EITHER most of the mass is in a very small volume (nucleus) and is charged

OR most of atom is empty space

(c)

Current I = Q / t

{The current is due to a number n of α-particles. An α-particle is a helium nucleus and thus has a charge of +2e.

Charge q of 1 α-particle = 2 × (1.6 × 10^–19) C

Total charge Q = nq

Current I = (nq) / t = (n/t) q

(n/t): number of α-particles per second passing a point in the beam

(n/t) = I / q}

n / t = (1.5 × 10^–12) /( 2 × 1.6 × 10^–19) = 4.7 × 10⁶ s^–1

Question 672: [Work, Energy and Power]

A man has mass of 80 kg. He ties himself to one end of a rope which passes over a single fixed pulley. He pulls on other end of the rope to lift himself up at an average speed of 50 cm s^–1.

What is average useful power at which he is working?

A 40 W                       B 0.39 kW                   C 4.0 kW                     D 39 kW

Reference: Past Exam Paper – June 2011 Paper 13 Q17

Solution 672:

Answer: B.

Average speed = 50 cm s^–1 = 0.5 m s^–1

Since we are considering an average speed, the acceleration on the system is zero. So, the resultant force on the rope is zero.

The weight of the man (= mg) acts downwards. So, the man should pull on the rope with an equal and opposite force, for the resultant to be zero.
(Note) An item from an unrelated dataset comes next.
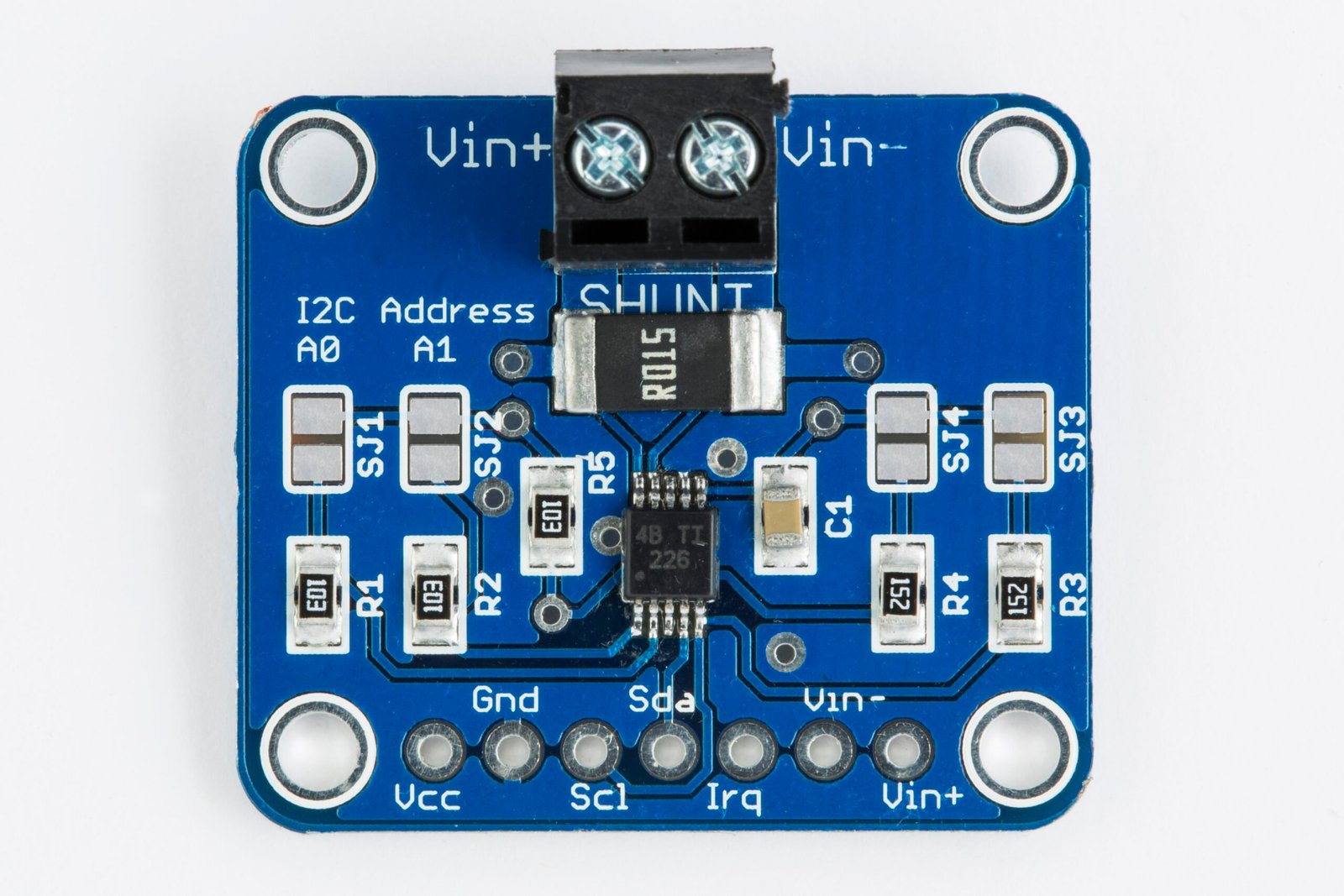 With its 16-bit resolution, the INA226 delivers highly accurate readings (1.25 mA for current, 1.25 mV for voltage) and outputs precise, real-time data directly to your master device via I2C.

Power = Fv = (80×9.81) × 0.5 = 392 W = 0.39 kW

Question 673: [Work, Energy and Power]

(a) State what is meant by work done.

(b) Trolley of mass 400 g is moving at a constant velocity of 2.5 m s^–1 to the right as shown in Fig.1.
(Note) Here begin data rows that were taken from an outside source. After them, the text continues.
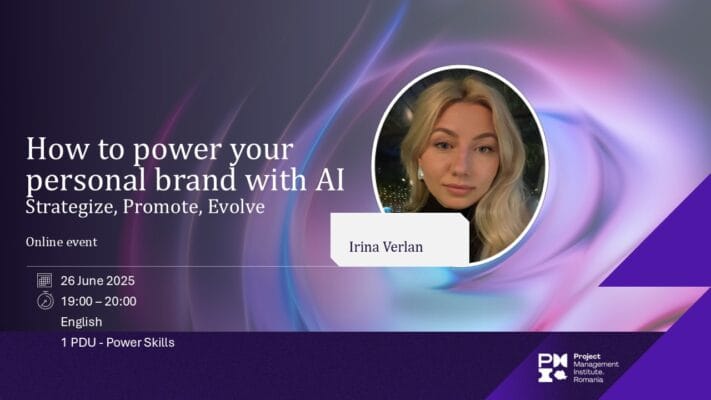 Alăturați-vă nouă la o sesiune practică despre „Cum să vă alimentați brandul personal cu AI: Strategie, promovare, evoluție” cu Irina Verlan, un agent de marketing de creștere strategică cunoscut pentru extinderea strategiilor de introducere pe piață în Europa și pe piețele emergente.
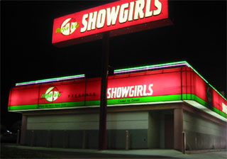 The club is easy to see from Airport Drive, but a little hard to figure out how to actually get to.  If you get lost, just keep going towards the big "Showgirls" sign or call the club for some help.  There is ample free parking and the entrance to the club is on the other side of the building.  As you enter the building, there is a adult video store to your left, which also includes 6 video booths where you can watch 100+ porno channels in a private booth. This section is free to enter.
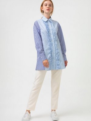 Touche Prive Mavi Fırfırlı Çizgili Poplin Gömlek
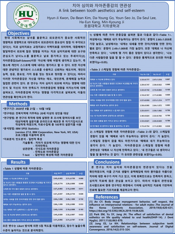 2021 종합학술대회 학생포스터 5. 치아 심미와 자아존중감의 연관성
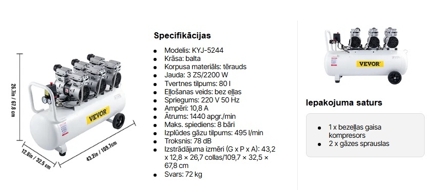 80 litru ietilpība un bezeļļas sūknis
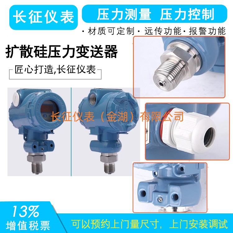 擴散硅壓力變送器主要特點抗過載和抗沖擊能力強,過壓可達量程的數(shù)倍,甚至用硬物直接敲打測量元件也不致使其損壞,且對測量精度毫無影響;安裝維護方便、可任意位置安裝。

Show that kinetic energy of the trolley is 1.3 J.

(c) Trolley in (b) moves to point P as shown in Fig.2.

At point P speed of the trolley is 2.5 m s^–1.

A variable force F acts to the left on trolley as it moves between points P and Q.
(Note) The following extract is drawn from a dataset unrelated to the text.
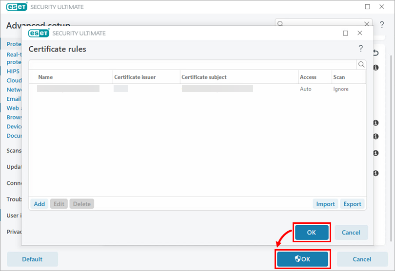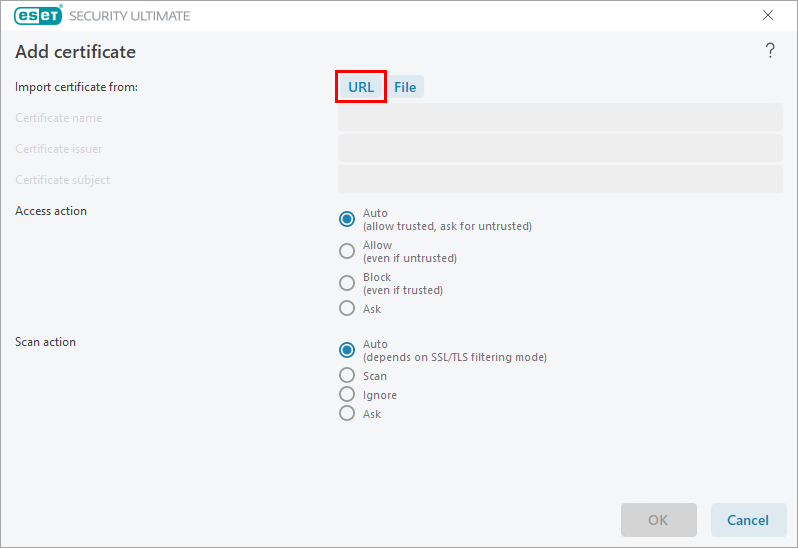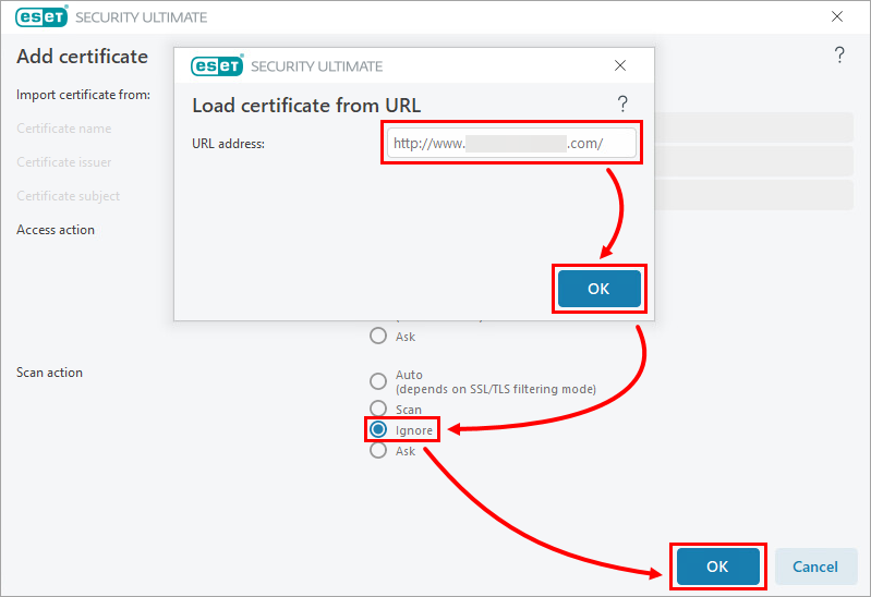 Copy the URL of the website whose certificate you are importing, paste it into the URL address field and click OK. In the Scan action section, select Ignore and click OK.

Variation of F with displacement x from P is shown in Fig.3.

Trolley comes to rest at point Q.

(i) Calculate distance PQ.

(ii) On Fig.4, sketch variation with x of velocity v for the trolley moving between P and Q.

Reference: Past Exam Paper – November 2013 Paper 22 Q3

Solution 673:

(a) Work done on a body is the product of the force applied on the body multiplied by the distance moved (displacement) by the body in the direction of the force.

(b)

Mass = 400g = 0.4 kg

Kinetic energy = ½ mv² = ½ × 0.4 × (2.5)² = 1.25J ≈ 1.3J

(c)

(i)

Acceleration is not constant. Equation for uniformly accelerated motion cannot be used.

Let x be the distance between P and Q.

(from previous part) Work done = 1.3 J (or 1.25J)

Also, Work done = area under graph = ½ Fx

1.3 = (14x) / 2

So, x = 0.19m

Or, if Work done is taken to be 1.25J, x = 0.179m = 0.18m

(ii)

{From Fig.3, the force increases with distance, x. So, a straight line (which represents a constant acceleration) is incorrect.

A connection should be made between the increase in the opposing force, F with the distance. This is shown by an increase in gradient in the in variation of velocity with distance. That is, the speed decreases by a greater value over the same amount of distance as x increases.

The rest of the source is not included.